Светлый фон

Возвращаясь к Рахманинову, которого я боготворю и обожаю, хочу признаться: в чем-то Нейгауз был прав, Рахманинов играет Шопена действительно необычно. Любое исполнение музыкального сочинения – это всегда взаимодействие двух людей: интерпретатора и слушателя. Вот я слушатель – и вот Рахманинов пианист. Мы вступаем в своего рода взаимоотношения, между нами что-то происходит, и это процесс все-таки интимный. Однако, когда Нейгауз слушал Рахманинова, взаимодействия не происходило. И это абсолютно нормально. Или взять, скажем, записи Гилельса, которого вряд ли кто-то назовет шопенистом, он такой… монументальный пианист.
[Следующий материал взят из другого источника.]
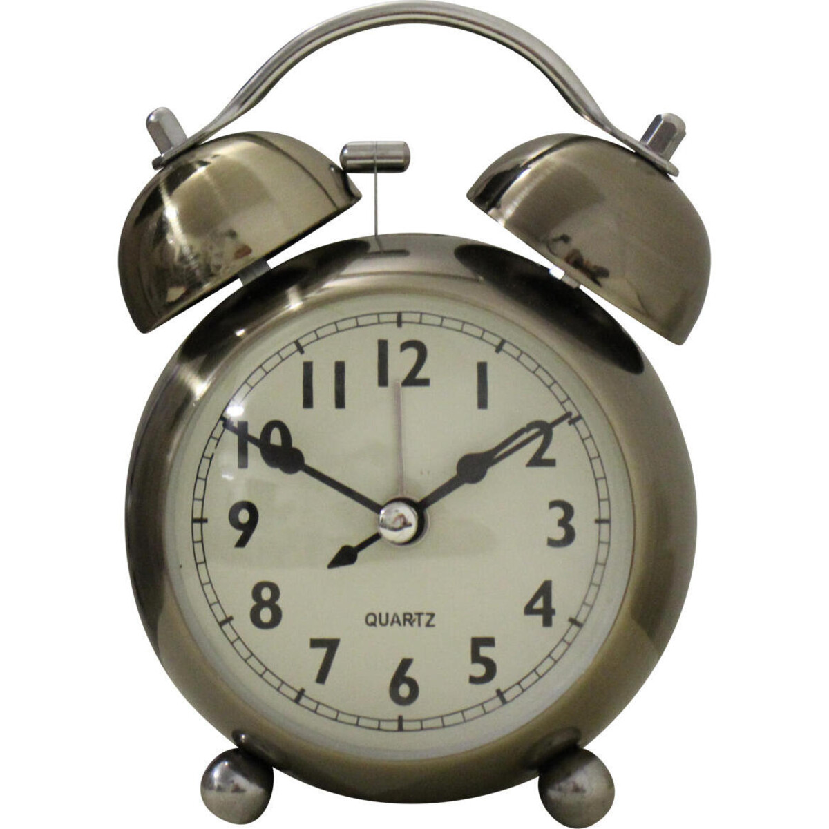 The accuracy of time keeping it will give you is from its more modern mechanism. Besides that, everything else in this clock is from the past - be it its solid metal body, its delightful metallic sounding alarm or its beautiful burnished coper colour. The clock mimics the typical alarm device that perhaps woke up the entire past generation stands on two tiny elegant legs that that slant ever so gently. The metal ringing sound, the delightful round shape of its metal made body, the simple white face printed in the most basic of manners, makes it the perfect industrial look alarm clock for your table too. Wake up to its sound each morning, or imply keep it on your kitchen mantle or you living room to check the accurate time it keeps. The battery run clock has black coloured arms that make the time visible in the clearest of ways. 13 cm in height and 8 cm in its diameter makes it compact and yet large enough to make a beautiful impression with its vintage kind of presence.

Но я его обожаю, и его исполнение шопеновского Первого концерта и Третьей сонаты очень люблю. То есть важен еще масштаб пианиста.

С. С. А кто из пианистов, которые исполняют или исполняли Шопена, тебе ближе всего?

Н. Л. Мне доводилось слушать немало замечательных интерпретаций Шопена и вживую, и в записях. Марта Аргерих изумительно играла Шопена. Из классиков – и Альфред Корто, и Дину Липатти, и Бенедетти Микеланджели, один из моих любимых пианистов. Из тех, с кем я имею счастье общаться, – это мой последний учитель Сергей Леонидович Доренский, по-настоящему выдающийся шопенист. Записанный им диск мазурок без преувеличения – один из самых лучших шопеновских дисков. И его учитель Григорий Романович Гинзбург изумительно играл этюды Шопена. И Горовиц, и Артур Рубинштейн. Множество замечательных есть интерпретаций!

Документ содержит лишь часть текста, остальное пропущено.